Try it: From the material below, return exactly the lines starting at the one that holds "Карточка военнопленного.Лист2" and ending at the one that holds "Thông tin sản". Pictures stay out of the answer.

Given entries:

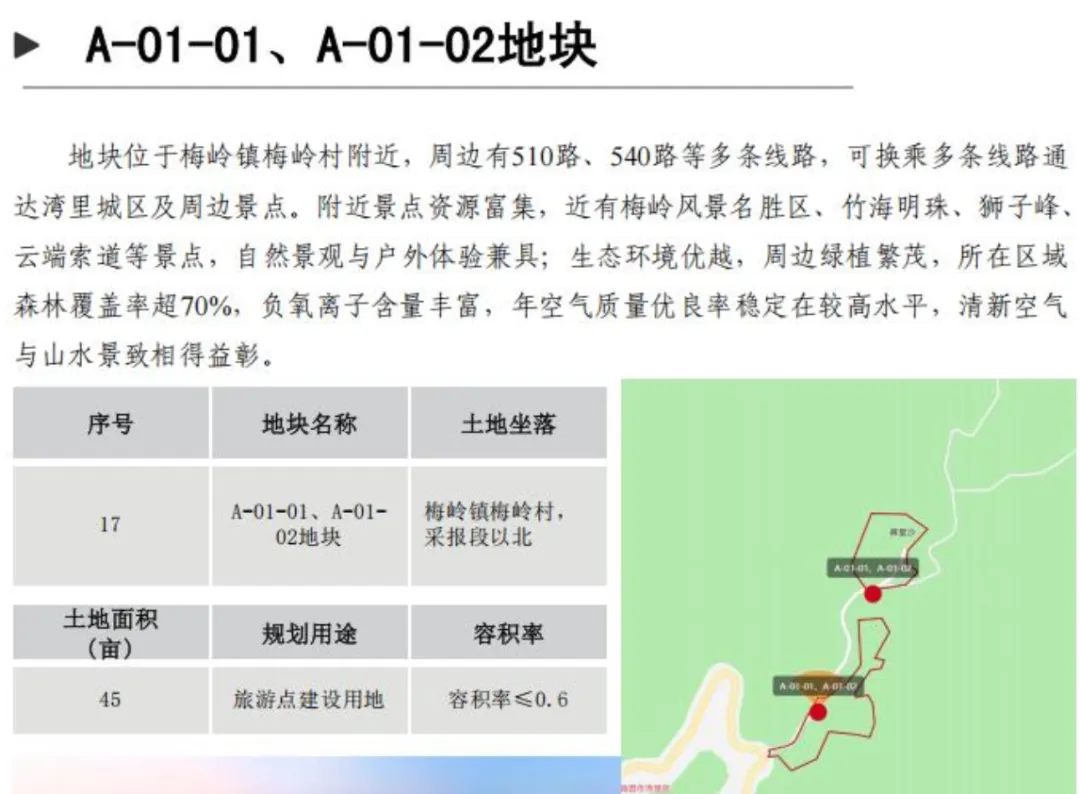 A-01-01、A-01-02地块位于梅岭镇梅岭村附近,周边有510路、540路等多条线路,可换乘多条线路通达湾里城区及周边景点。附近景点资源富集,近有梅岭风景名胜区、竹海明珠、狮子峰、云端索道等景点,自然景观与户外体验兼具;生态环境优越,周边绿植繁茂,所在区域森林覆盖率超70%,负氧离子含量丰富,年空气质量优良率稳定在较高水平,清新空气与山水景致相得益彰。
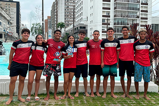 Três medalhas de ouro e outras duas de prata, esse é o saldo positivo da participação da equipe de Praia Grande de natação na 9ª Prova Aquática Cidade de Santos. A competição, que ocorreu no sábado (27), festejou os 478 anos do município santista e reuniu cerca de 400 atletas de várias idades. Os três campeões do Time Praia Grande na disputa foram: Ana Beatriz (juvenil), Miguel Arcanjo (juvenil) e Italo Bressane (geral). As duas medalhas de prata foram conquistadas pelos seguintes nadadores: Daniel Rezende Fidelis (geral) e Pablo Hendrik da Silva Sales (Júnior). Mais resultados – Outros atletas de Praia Grande também alcançaram resultados de destaque na prova. Alicia Natasha Macedo ficou em quarto lugar na categoria júnior. Guilherme Lopes Saavedra, também na classe júnior, e Carlos Alexandre Nascimento Barrada, na sênior, terminaram na quinta colocação.
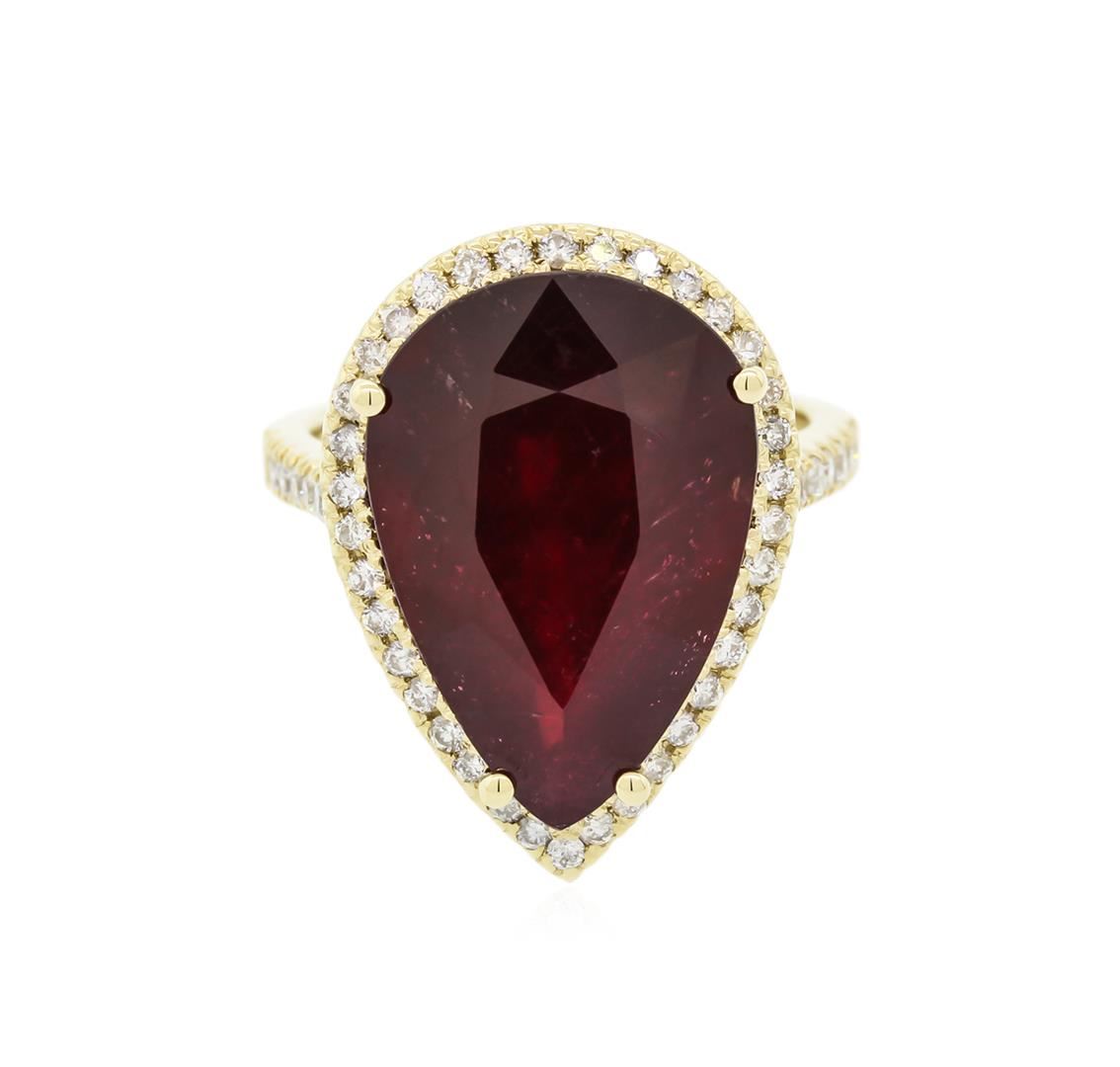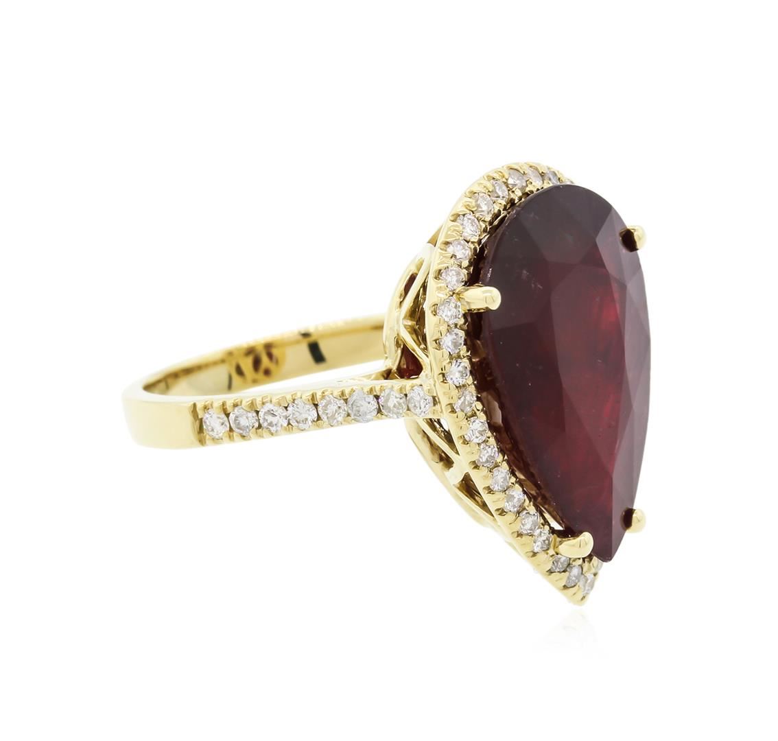 One electronically tested 14KT yellow gold lady's cast fashion ring with a basket halo with a bright polish finish. The featured lady's ring has a shank measuring 2.50 millimeters in width. Identified with markings of "K14". Condition is new, good workmanship. Containing: One prong set pear modified brilliant cut natural ruby, measuring 18.52 x 12.53 x 7.50mm, approximate weight of 13.98ct., clarity is heavily included, type II, dark, very slightly brownish, orangy red color, (GIA oR 7/3), cut is good. Transmitting light somewhat diffusely, semi-transparent to translucent. Naturally occurring internal & external characteristics are present. Indications of laboratory high temperature heat treatment, with glass & flux additives. Graded in the setting. Sixteen split prong set round brilliant cut diamonds, measuring 1.60 - 1.50 x 1.01mm (depth est.) approximate total weight of 16 Stones = 0.25ct. Graded in the setting. Clarity: SI-1 to I-1. Color: H - I. Cut Good Thirty-Six split prong set round brilliant cut diamonds, measuring 1.40 - 1.30 x 0.81mm (depth est.) approximate total weight of 36 Stones = 0.33ct. Graded in the setting. Clarity: SI-1 to I-1. Color: H - I. Cut Good. Total Weight of Colored Stones 13.98ct. Total Weight of Diamonds 0.58ct. Total Weight of Ring 8.60gm. GAS Appraised at $6,350.00.
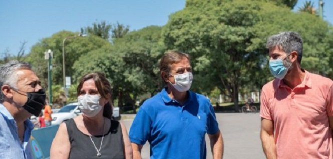Cornejo se mostró con el gobernador en el Parque Gral. San Martín.
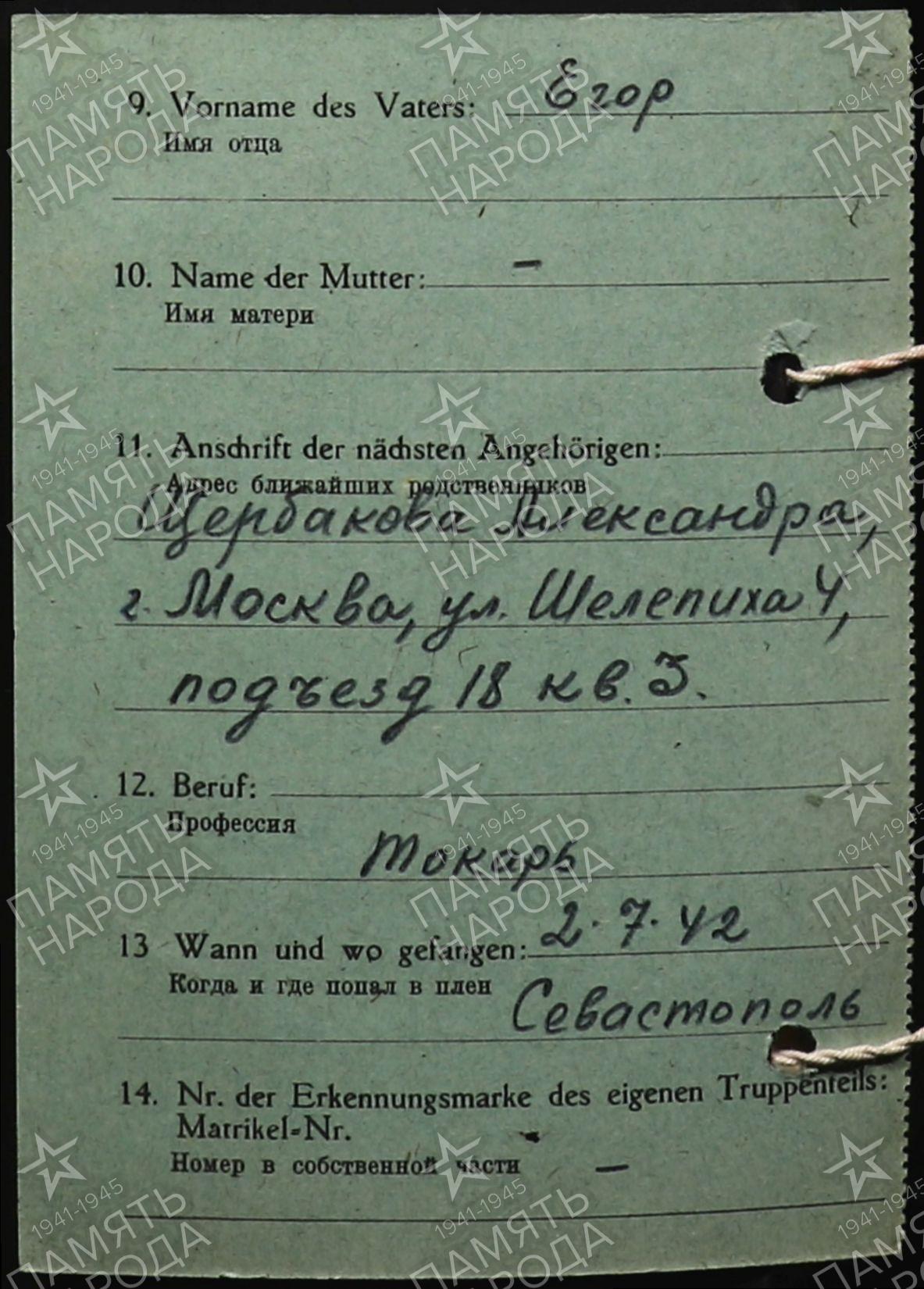 Карточка военнопленного.Лист2
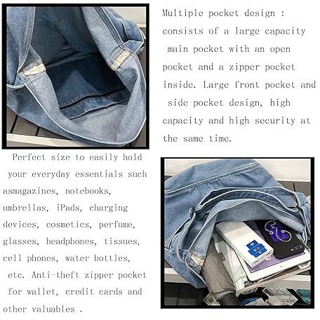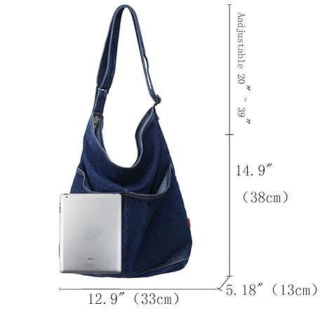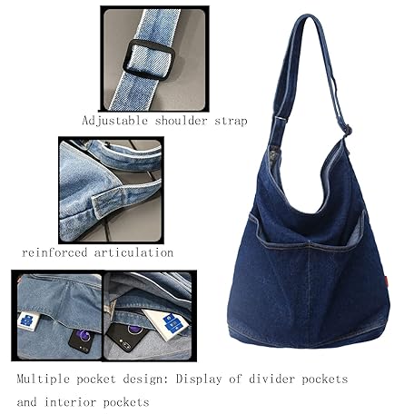 Thông tin sản phẩm Denim Shoulder Bag for Women Jean Bag Hobo Tote Bag Casual Denim Bag Retro Crossbody Bag Large Crossbody Tote Bag, Color2, One Size
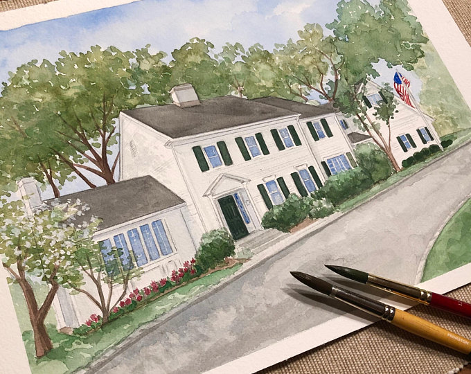 These custom portraits make for wonderful gifts for special occasions such as anniversaries, birthdays, weddings, and closing gifts for realtors.To ensure the best possible results, please contact me before placing your order so that we can discuss your project and you can send me a clear, high-resolution photo to work from. This will enable me to capture all the details of your location and create a painting that you will treasure for years to come.Here's how the process works: Once I receive your photo and we agree on the details of your portrait, I will hand-sketch your home onto Arches cold-pressed watercolor paper. I will then send you an email photo of the sketch for your review. Once you approve the drawing, I will begin to paint your custom portrait.Please note that I offer a variety of sizes and prices for my portraits, which you can find in the drop-down menu. If you need a different size, please contact me and we can discuss it.I am excited to work with you and create a one-of-a-kind piece of art that you will cherish for years to come. Shipping is with USPS, and expedited shipping can be arranged upon request. Thank you for choosing Artistic Home Portrait!
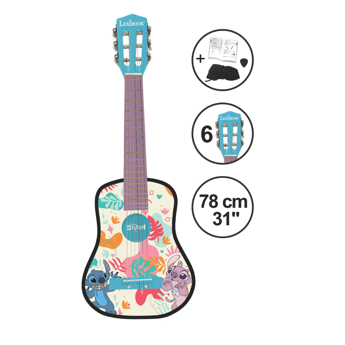 Strum along with Disney's Stitch! This 78 cm acoustic guitar inspires creativity and fun.
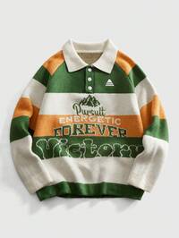 Street Life Suéter de manga larga de corte holgado con cuello polo, estilo casual de calle con patrón de rayas de contraste, estilo varsity para hombres
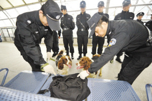 從昨天(23日)起,一隊(duì)隊(duì)全副武裝的特勤隊(duì)員開始在南京地鐵一號(hào)線車廂內(nèi)巡邏,他們個(gè)個(gè)身強(qiáng)體壯,受過專業(yè)訓(xùn)練。更值得一提的是,在這支隊(duì)伍中還有四只活潑可愛的“史賓格”犬。這是南京警方新成立的軌道交通乘警大隊(duì),從現(xiàn)在開始,這支乘警大隊(duì)將擔(dān)負(fù)起南京地鐵全線的巡邏執(zhí)勤任務(wù),保障市民的出行安全。
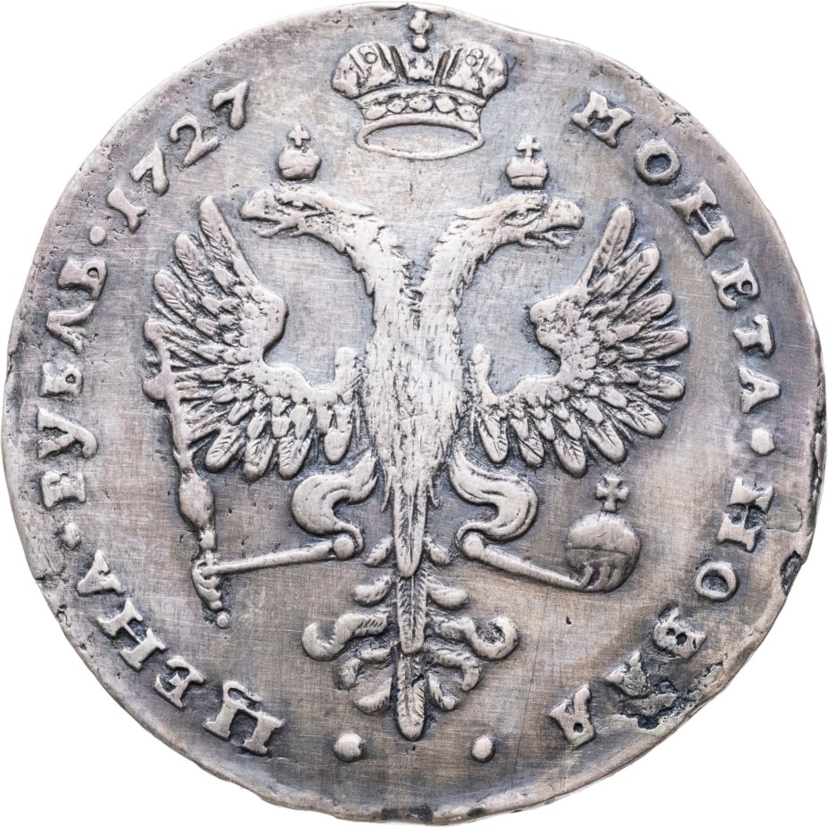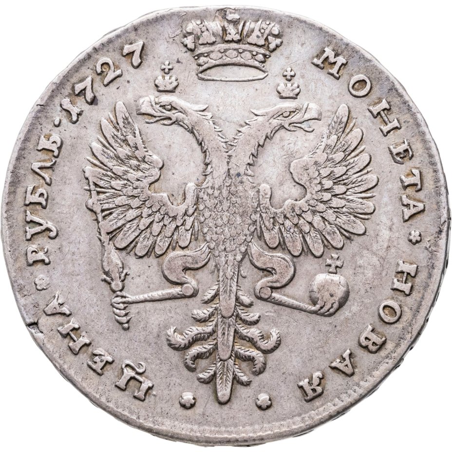 1 рубль 1727 Екатерина, московский тип, портрет вправо, под хвостом орла две звезды
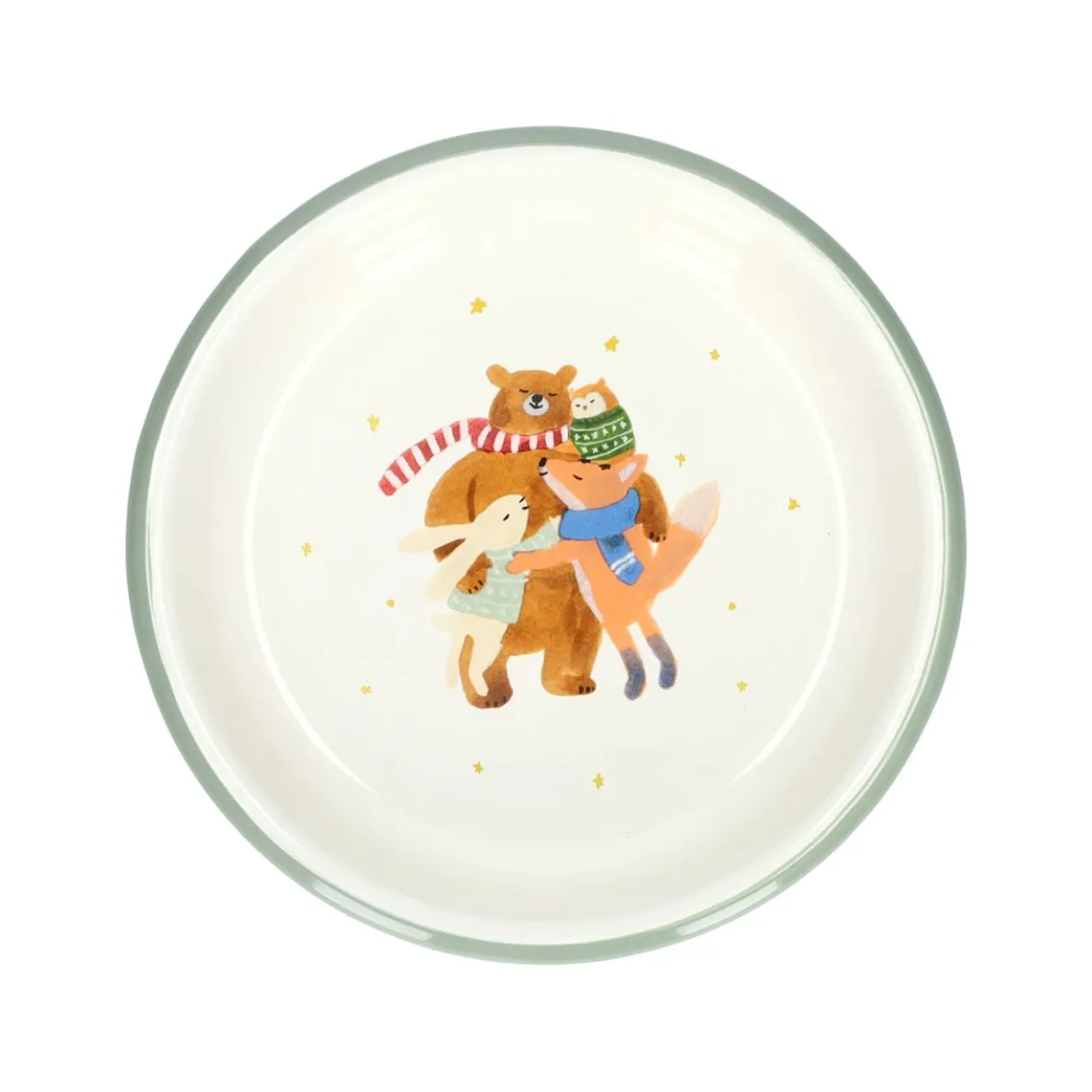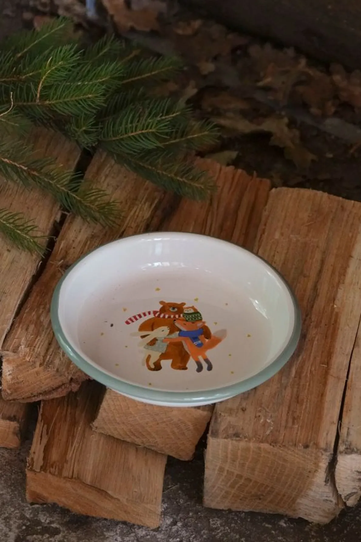 Lief emaillen bord/schaaltje, bedrukt met knuffelende dieren. Leuk voor bijvoorbeeld het kerstontbijt en om allerlei lekkers op te serveren. De ondergrond is offwhite, het bord heeft een grijsgroen randje. De afbeelding is speciaal ontworpen voor Dille & Kamille.

Your solution:
 Карточка военнопленного.Лист2
 Thông tin sản phẩm Denim Shoulder Bag for Women Jean Bag Hobo Tote Bag Casual Denim Bag Retro Crossbody Bag Large Crossbody Tote Bag, Color2, One Size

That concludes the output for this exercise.